Adaxes

Report: Users Without Photo

0 votes

I'm using this report as a baseline and I have it mostly working, but I need assistance setting the ldap filter or search base to include only specified OUs instead of the whole domain because I'm running it against DomainDNS and cannot use Activity Scope.

$to = "email@example.com" # TODO: modify me

function GetObjectDisplayName($objectDN)
{
    $objectPath = New-Object -TypeName "Softerra.Adaxes.Adsi.AdsPath"`
        -ArgumentList @($null, $objectDN)   
    return [Softerra.Adaxes.Utils.ObjectNameHelper]::GetObjectName(
        $objectPath, "IncludeParentPath")
}

# Get the default Web Interface address
$webInterfaceAddress = "%adm-WebInterfaceUrl%"
$appendWebInterFaceLink = $True
if ([System.String]::IsNullOrEmpty($webInterfaceAddress))
{
    $appendWebInterFaceLink = $False
    $Context.LogMessage("Default web interface address not set for Adaxes service.

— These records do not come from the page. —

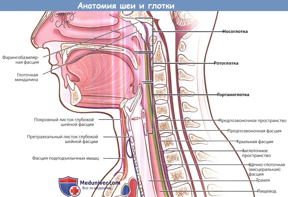 Таким образом, в глотке выделяют носоглотку, ротоглотку и гортаноглотку. Все три этих отдела имеют схожую цилиндрическую мышечную основу, покрыты фасцией и слизистой оболочкой.
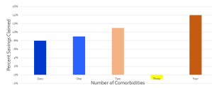 The percent increase in costs in the zero (or 0-1, in Accolade’s first cohort) morbidity group would therefore be the obvious proxy for the likely percent increase in costs of the comorbid categories if they did not have access to Accolade’s support.
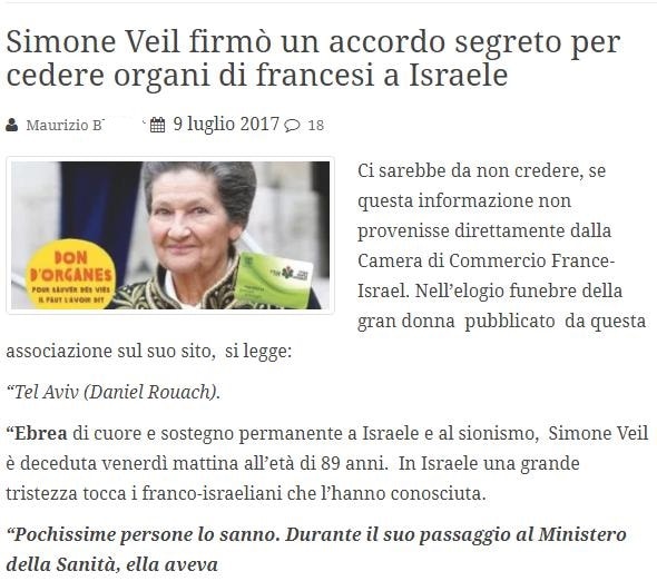 Il 9 luglio, in occasione della morte della francese Simon Veil è ritornato sul topos antisemita degli ebrei ladri di organi con l’articolo “Simon Veil firmò un accordo segreto per cedere organi di francesi in Israele”.
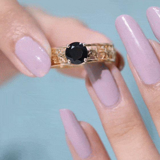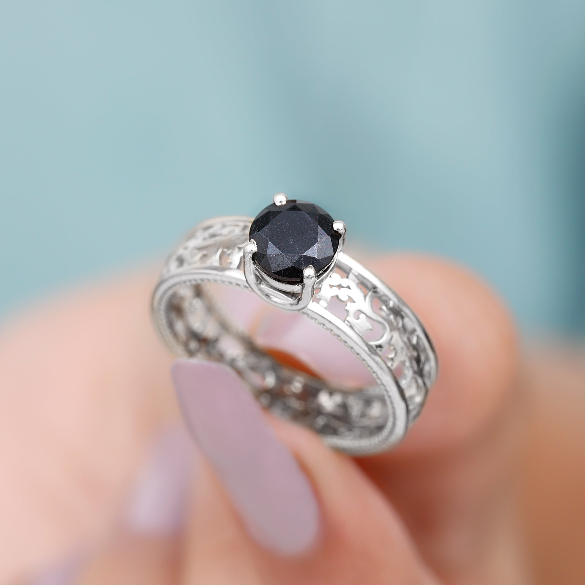 The Band Ring features round shape Black Onyx with Cut Work in Prong Setting. This 7 MM Black Onyx Solitaire Band Ring is a Ring for you to wear with an outfit on your Anniversary.

For details, see http://www.adaxes.com/help/?HowDoI.ManageService.RegisterWebInterface.html", "Warning")
}

$htmlBuilder = New-Object "System.Text.StringBuilder"
$htmlBuilder.append("<html><head>")
$htmlBuilder.append("<meta http-equiv=""Content-Type""`
    content=""text/html charset=UTF-8""></head>")
$htmlBuilder.append("<body>")
$htmlBuilder.append("<p>Disabled Managers</p>")
$htmlBuilder.append("<table width=""100%%"" border=""1"">")
$htmlBuilder.append("<tr>")
$htmlBuilder.append("<th>Full Name</th><th>Username</th>
<th>Parent</th><th>Direct Reports</th>")
if ($appendWebInterFaceLink)
{
    $htmlBuilder.append("<th>Link</th>")
}

$htmlBuilder.append("</tr>")

# Find disabled managers
$searcher = $Context.BindToObject("Adaxes://rootDSE")
$searcher.PageSize = 500
$searcher.SearchScope = "ADS_SCOPE_SUBTREE"
$searcher.SearchFilter = "(&(objectCategory=user)(samAccountName=*)(!thumbnailPhoto=*))"
$searcher.ReferralChasing = "ADS_CHASE_REFERRALS_NEVER"
$searcher.VirtualRoot = $True

try
{
    $searchResult = $searcher.ExecuteSearch()
    $photoEmpty = $searchResult.FetchAll()

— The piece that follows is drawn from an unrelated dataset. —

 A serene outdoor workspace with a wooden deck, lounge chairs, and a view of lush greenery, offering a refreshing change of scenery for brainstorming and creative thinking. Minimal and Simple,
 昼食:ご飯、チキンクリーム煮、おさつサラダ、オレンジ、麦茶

    # Add information on each user
    if ($photoEmpty.Count -gt 0)
    {
        foreach ($employee in $photoEmpty)
        {
            $employee = $Context.BindToObject($employee.AdsPath)
            $employeeDN = New-Object "Softerra.Adaxes.Ldap.DN" $employee.Get("distinguishedName")
            $parentDisplayName = GetObjectDisplayName($employeeDN.Parent.ToString())
            $htmlBuilder.append("<tr>")
            $htmlBuilder.appendFormat("<td>{0}</td>", $employee.Get("name"))
            $htmlBuilder.appendFormat("<td>{0}</td>", $employee.Get("sAMAccountName"))
            $htmlBuilder.appendFormat("<td>{0}</td>", $parentDisplayName)

            # Append direct reports
            $htmlBuilder.append("<td>")
#            foreach ($directReportDN in $employee.GetEx("directReports"))
#            {
#                $directReport = $Context.BindToObjectByDN($directReportDN)
#                $htmlBuilder.appendFormat("{0} ({1})<br />", $directReport.Get("name"), $directReport.Get("sAMAccountName"))
#            }
#            $htmlBuilder.append("</td>")

            if ($appendWebInterFaceLink)
            {
                $htmlBuilder.appendFormat("<td><a href='$webInterfaceAddress`ViewObject.aspx?guid={0}'>View</a></td>", [Guid]$employee.Get("objectGUID"))
            }
            $htmlBuilder.append("</tr>")
        }
    }

    $htmlBuilder.append("</table>")
    $htmlBuilder.appendFormat("Total: {0} employees", $photoEmpty.Count.ToString())
    $htmlBuilder.append("</body></html>")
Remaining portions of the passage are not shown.